March 18, 2011

Violent games

Posted in Uncategorized at 9:14 pm by sacetalks

Yesterday was St. Patrick’s Day. While its original purpose is linked to a popular figure in the history of Christianity, it has now become a holiday to celebrate the Irish, drink green beer, and pinch people who choose not to, or forget to, wear green on March 17.

For me, the pinching part seems more from my days in Elementary and Junior High School than my experiences as an adult. However, sometimes even adults pinch their friends, co-workers, brothers and sisters, etc for failing to wear green clothing. While this might seem like a light-hearted game, it involves potentially painful physical aggression towards a person who may not voluntarily agree to being pinched. I know. I’m a party pooper.

Which brings me to the real intention of this post – there are a lot of behaviors, attitudes and ways in which people interact with each other that are harmful, painful, derogatory and violent, such as name calling, hitting, discrimination based on race, sexual harassment, etc., that we minimize with phrases like, “Oh, I was just having a little fun,” “It’s no big deal,” “It’s just a joke,” “I’m only racist when I drink,” “Why do you have to be such a prude?” Those phrases are used to both minimize the harmful and negative consequences of words and/or behaviors as well as cut down the voice of anyone who chooses to speak out in resistance to their minimizing tactics. If I say pinching people on St. Patrick’s Day is a way to normalize violence as a game, and someone calls me a prude, that is their effort to make what I’ve just said less legitimate.

There are a lot of words we can call people to de-legitimate what they have to say and what they choose to do. Some include: prude, stupid, lame, idiot, snitch, frigid, bitch, gay, faggot, freak. They represent one of the ways language has so much power to distort and create the meaning we make of our lives by de-legitimating the voice and perspectives of certain people.

And they have central roles in how groups of people can justify violence.

For example, in a environment like a Junior High School, boys pinching girl’s bottoms can become a game, something that is fun, and anyone who questions it is a prude, stupid, lame, a snitch, frigid, a bitch, gay, a faggot.
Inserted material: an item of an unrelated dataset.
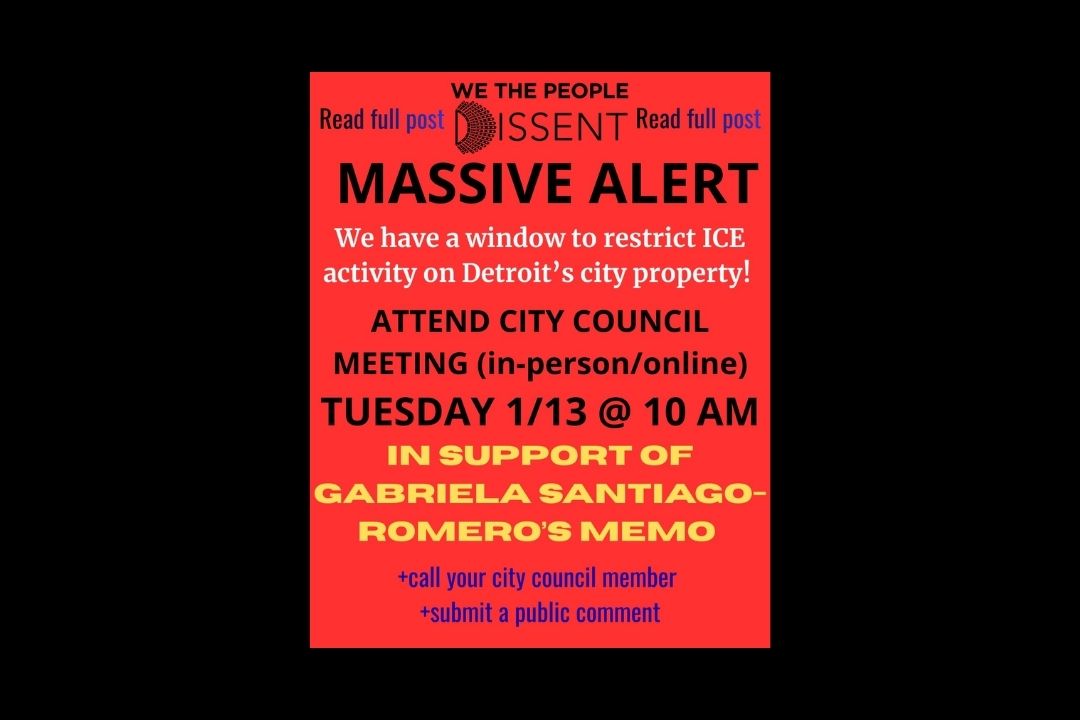 We the People Dissent is a grassroots, non-violent movement fighting for a multiracial democracy where every one of us—in Detroit, Downriver, and across Michigan—can thrive. When extremists try to silence our communities, we rise. When threats to our rights mount, we organize. Because we the people are strongest when we show up together.

Those words help minimize the reality of sexual harassment and distort that reality into a game in which the only participants who matter are the ones who enjoy the game. People who speak out, who refuse to participate in the game, face name calling tactics that take away the power of their resistance and legitimate the violence that is being done to people in the act of sexual harassment.

Sometimes, we think that these words are harmless and we’re just using them in good fun. It’s important to realize that they have a powerful impact in dictating how we interpret the world around us, potentially transforming a violent world into one we see as frivolous fun. In the use of those words, we lie to ourselves, cover-up our misdeeds and silence the opposition of those who suffer from violence.